FIG. 4 is a block diagram showing a configuration of a conventional device.

FIG. 5 is a diagram for explaining a problem of a conventional device.

FIG. 6 is a diagram which is used for describing the operation of the first embodiment.

FIG. 7 is a block diagram illustrating a configuration of a second embodiment.

FIG. 8 is a diagram provided to explain the operation of the second embodiment.

[Explanation of symbols]

11: Source address check CAM, 12, 13: Permission / prohibition mode instruction unit, 14: Comprehensive check address instruction unit, 15: Correspondence check CAM, 17, 17 '... Judgment circuit, 21: Selector, 22: Correspondence check CAM.

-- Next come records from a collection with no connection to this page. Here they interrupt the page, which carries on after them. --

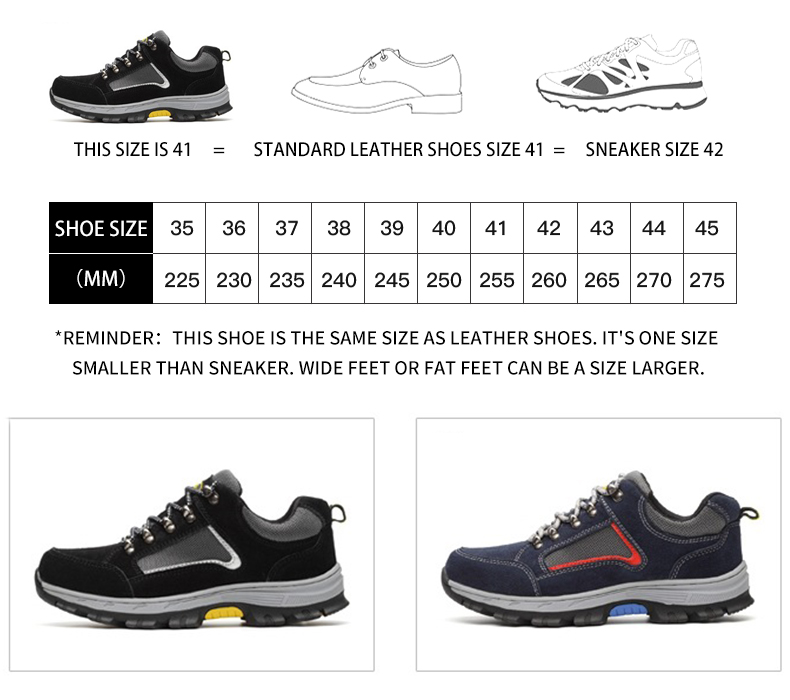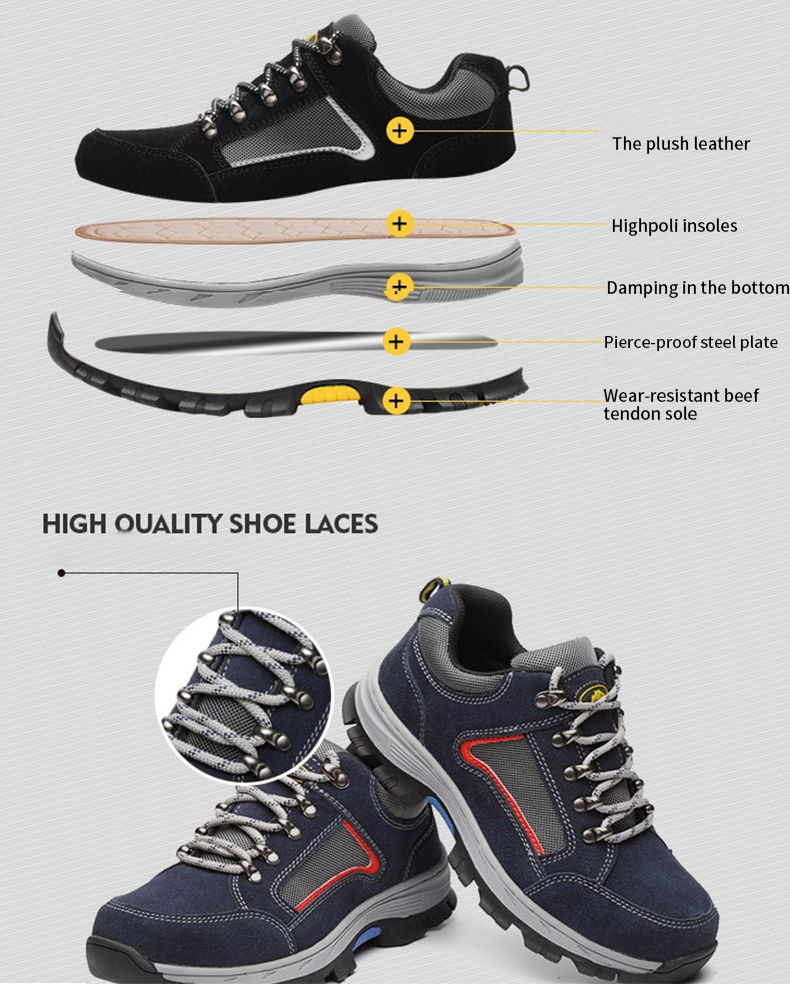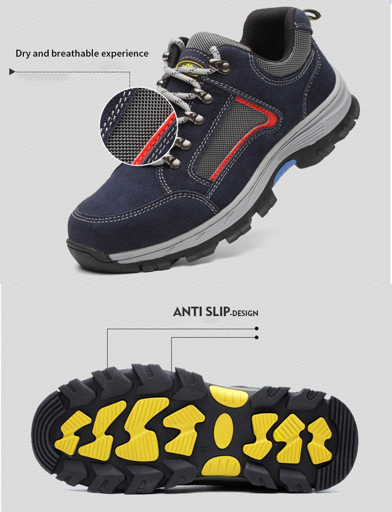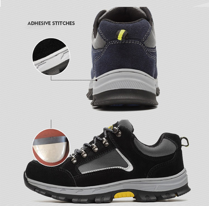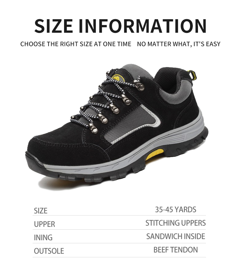 The main functions of shoes are anti smashing, anti piercing and anti-skid.The interior of the shoes contains the European standard steel toe, which can withstand a resistance of 15000N.
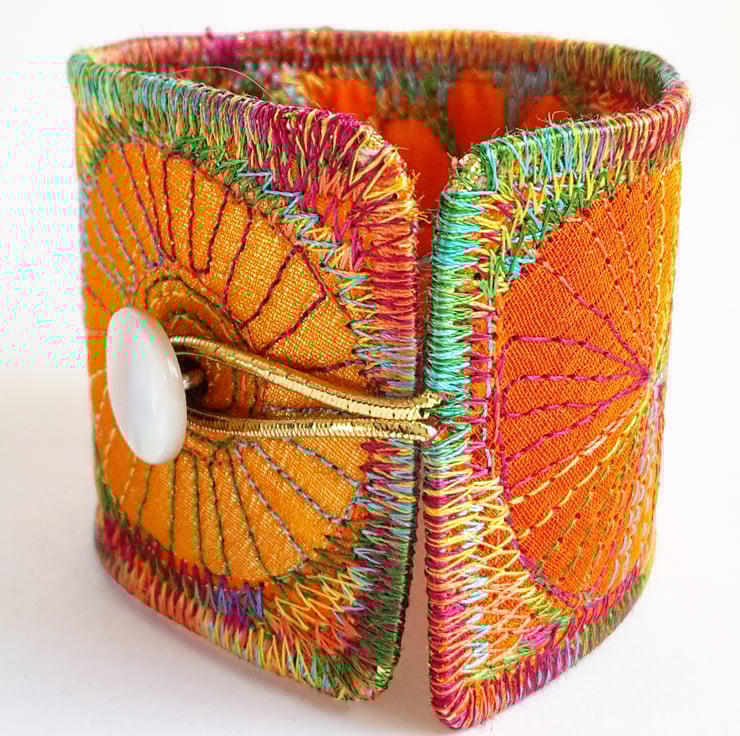 It has a beautiful button and an elasticated closure so it will stretch to fit a slightly larger wrist
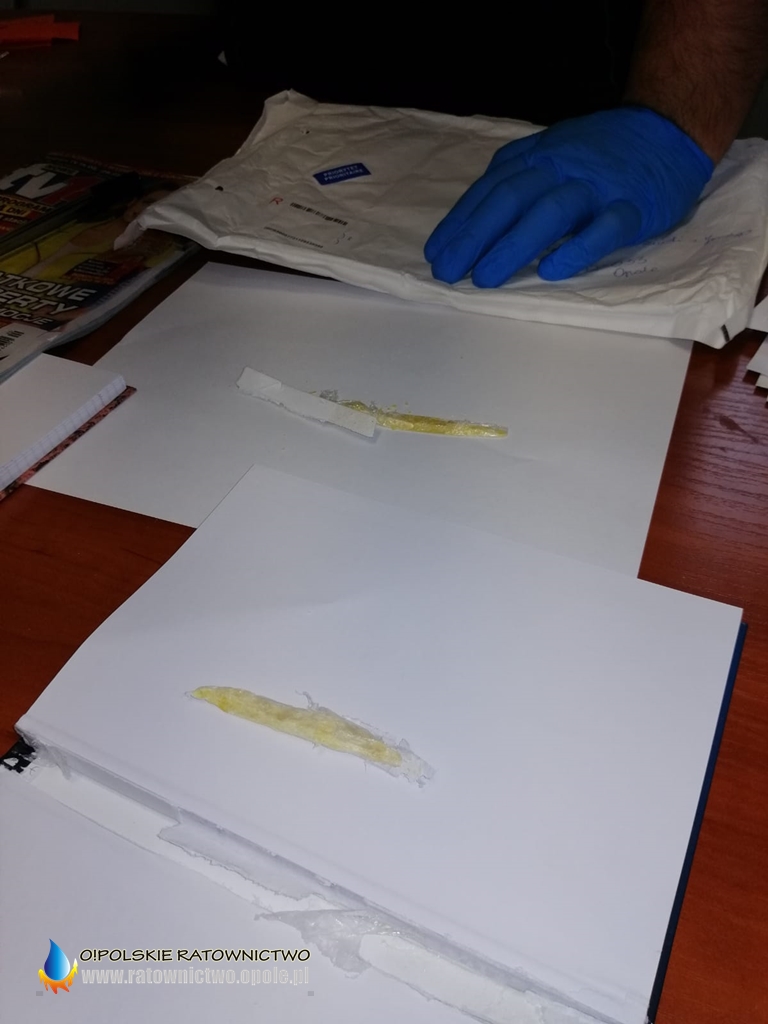 Funkcjonariusze Aresztu Śledczego w Opolu udaremnili przemyt syntetycznej marihuany. Substancję w formie kryształków ukryto w grzbietach 5 zeszytów oraz nasączono nią trzy koperty adresowane do skazanych. Wartość zarekwirowanych ponad 6150 porcji została oszacowana na 250 tys. zł
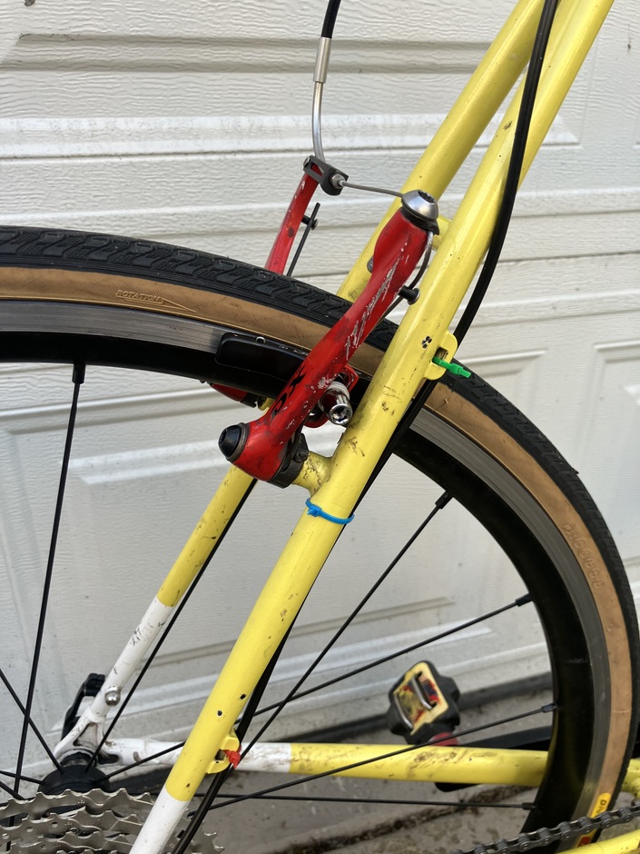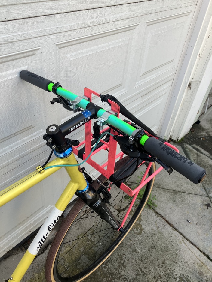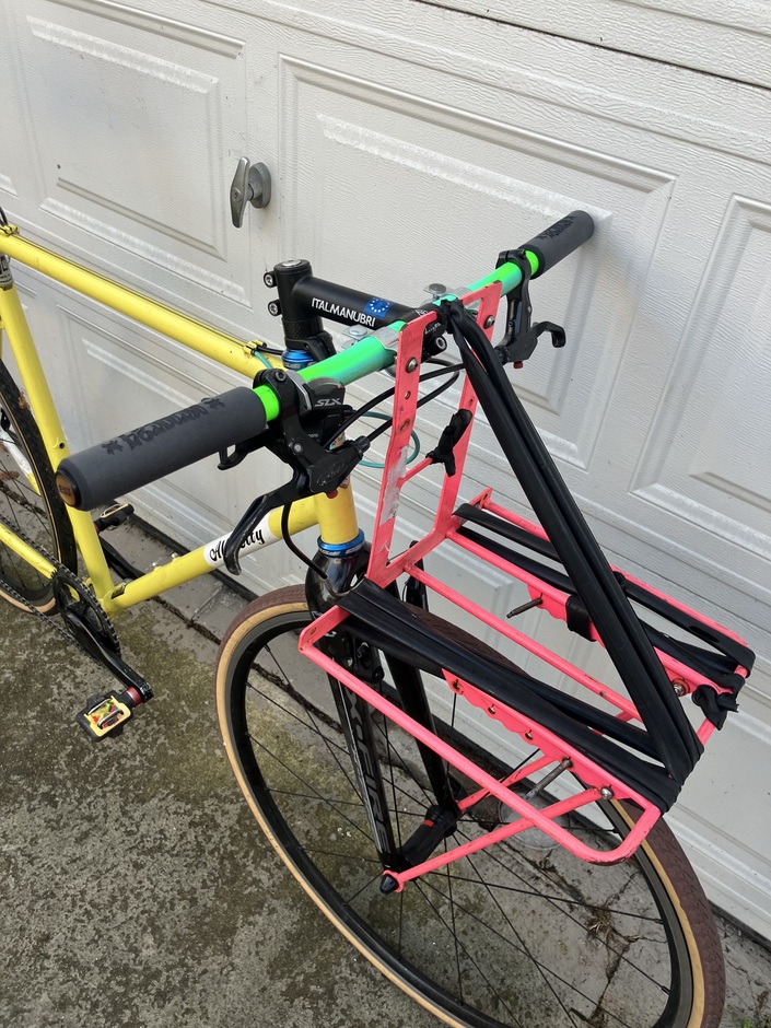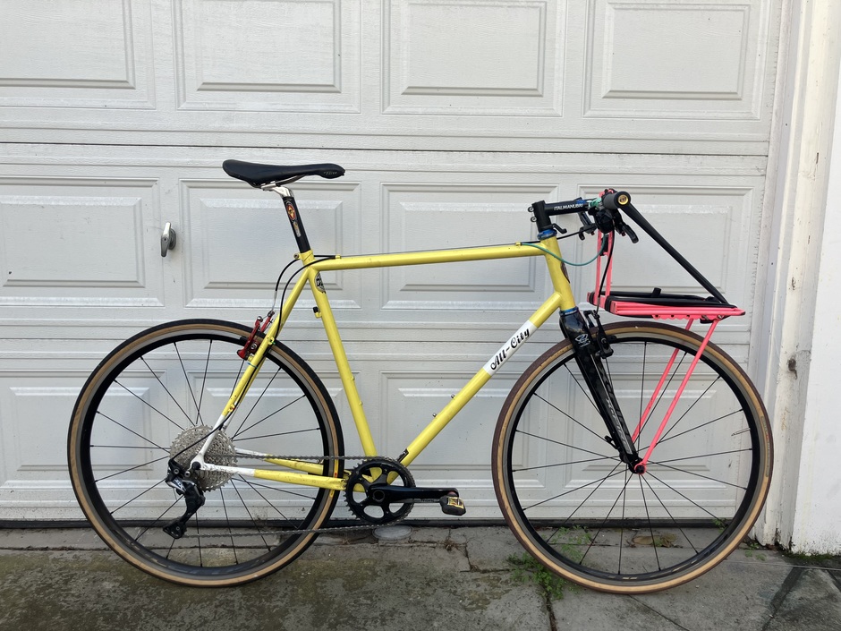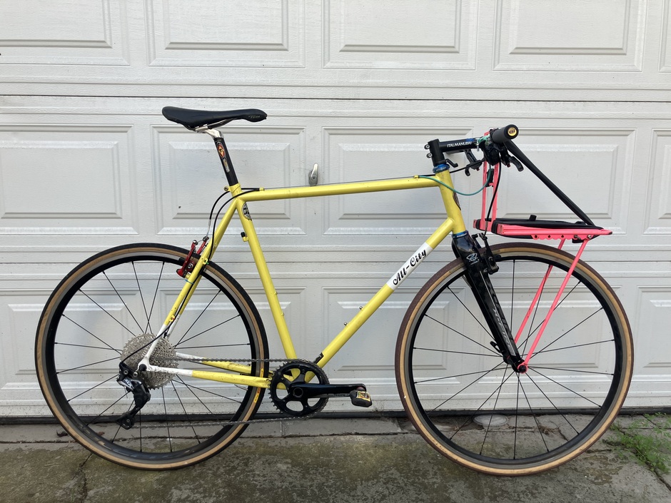 Fellow messenger found this frame lying on the sidewalk and gave it to me for free. All the parts I already had or were also given to me, I spent like $40 on this thing in total. It’s fine, nothing special
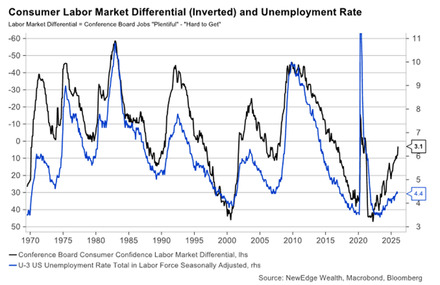 Higher-income households rely less on wages to spend. Lower-income households depend heavily on labor income. And while consumers can be dramatic about inflation or politics, they tend to be fairly accurate when assessing the job market.
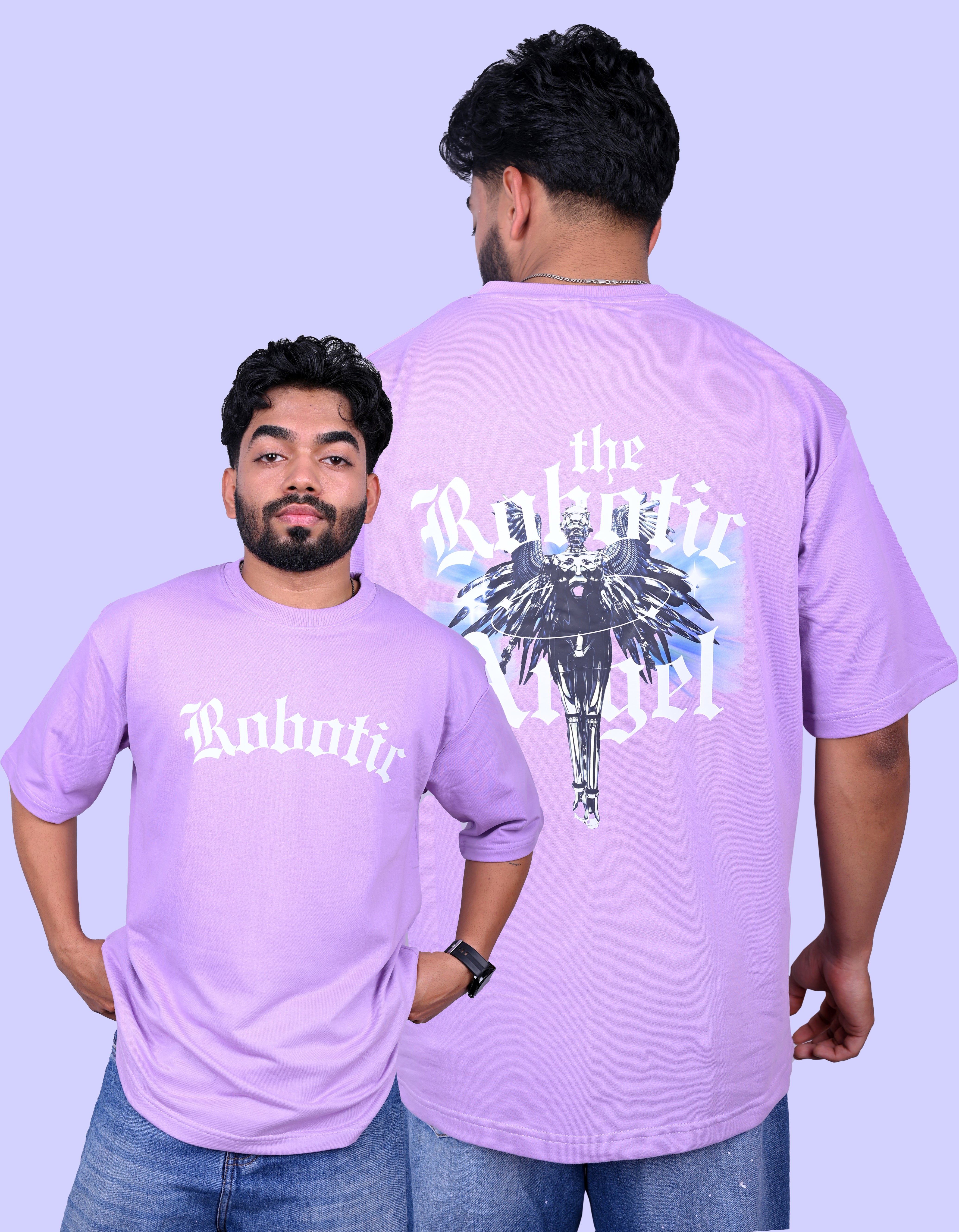 Step into the future of streetwear with this lavender oversized t-shirt, crafted from premium 240 GSM French Terry for heavyweight comfort and all-day wear. The front carries a bold "Robotic" print in gothic typography, while the back showcases a striking "Robotic Angel" artwork, blending futuristic mech aesthetics with angelic power. Designed for an oversized fit, this tee offers a relaxed, on-trend silhouette perfect for layering or wearing solo.
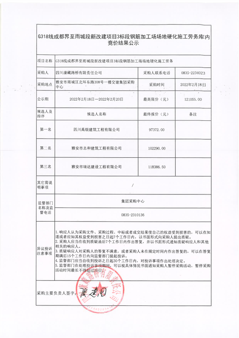 四川康藏路橋有限責(zé)任公司G318線成都界至雨城段新改建項目3標(biāo)段鋼筋加工場場地硬化施工勞務(wù)庫內(nèi)競價結(jié)果公示
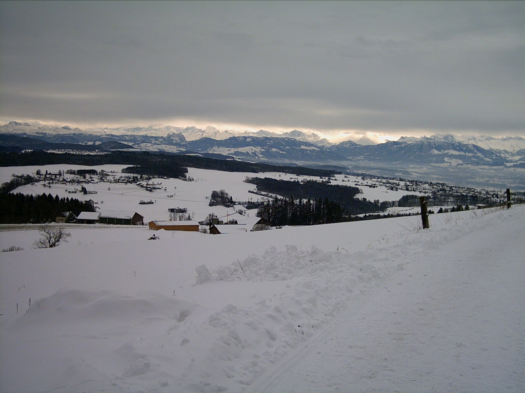 Der Blick, der sich mir jetzt auftut, ist einfach unbeschreiblich schön. Vor mir satte, grüne Hügel auf denen Schafen weiden, danach der Wald, der in den Farben des Indiansummers gefärbt ist. Dahinter der Üetliberg zum Greifen nah - eigentlich 20 km entfernt - und am Schluss bauen sich majestätisch die schneebedeckten Viertausender der Glarner Alpen auf. Es war einfach das prämierungsverdächtige Kalenderblatt für den Monat November und ich hatte leider keine Kamera dabei.
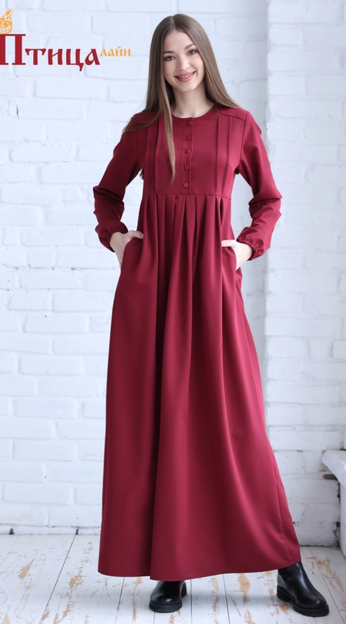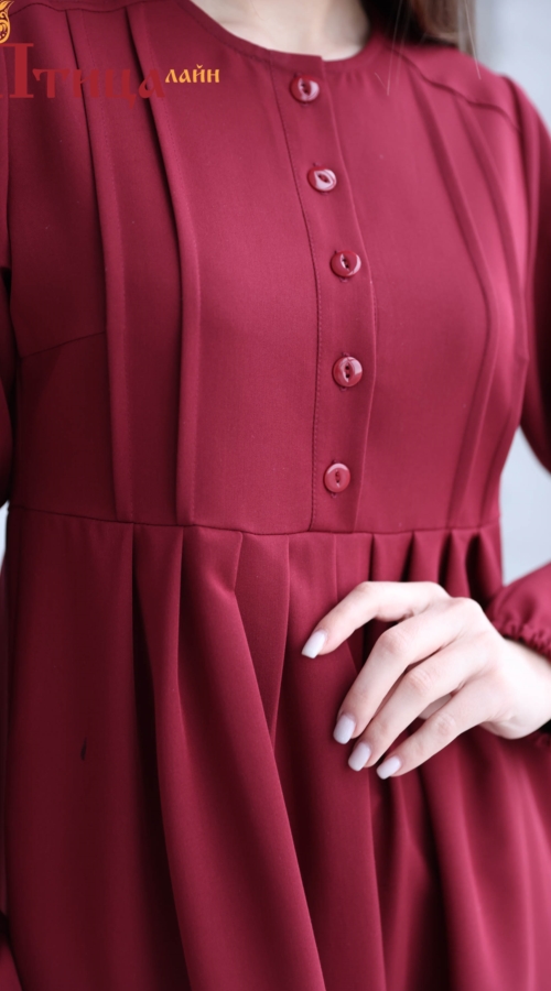 атье женское отрезное по талии, линия талии завышенная. Юбка широкая с со складками по центу изделия, по передней и задней части юбки, что создает дополнительную свободу в области талии и бедер. Рукав втачной, ...
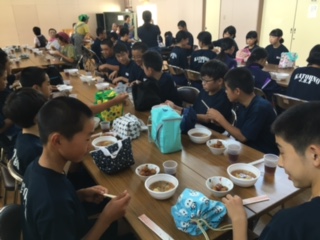 公民館では、婦人会の方が、郷土の味ということで、ジャガイモの味噌炒めと、味噌仕立てのすいとんを振る舞ってくださいました。

 ──────────────────────────────────────────────────続 き Continuing on the front page (72) Inventor Katsura Noritake 3-19-2 Nishishinjuku, Shinjuku-ku, Tokyo Japan Telegraph and Telephone Corporation (72) Inventor Shigehiko Ushijima 3-19, Nishishinjuku, Shinjuku-ku, Tokyo No. 2 Nippon Telegraph and Telephone Corporation

Claims (4)

[Claims] An access check circuit for determining whether or not the message is accessible based on address information attached to the message, a comprehensive check function unit for determining whether or not access is possible based on address information on a group basis; An individual check function unit that determines whether access is possible based on the address information of the unit; and a determination unit that finally determines whether the determination is possible based on the determination result of both or one of the comprehensive check function unit and the individual check function unit. An access check circuit, comprising: 2. The access check circuit according to claim 1, wherein the comprehensive check function unit and the individual check function unit include:
An access check circuit, wherein an associative memory storing the correspondence of addresses corresponding to the respective addresses is stored. 3. The access check circuit according to claim 2, wherein each associative memory is physically constituted by one memory means. 4. A connectionless switching apparatus for selecting a communication path for each link based on address information attached to a message, wherein whether or not each message can be accessed is determined.
A connectionless switching device, wherein the determination is performed using the access check circuit according to any one of the above.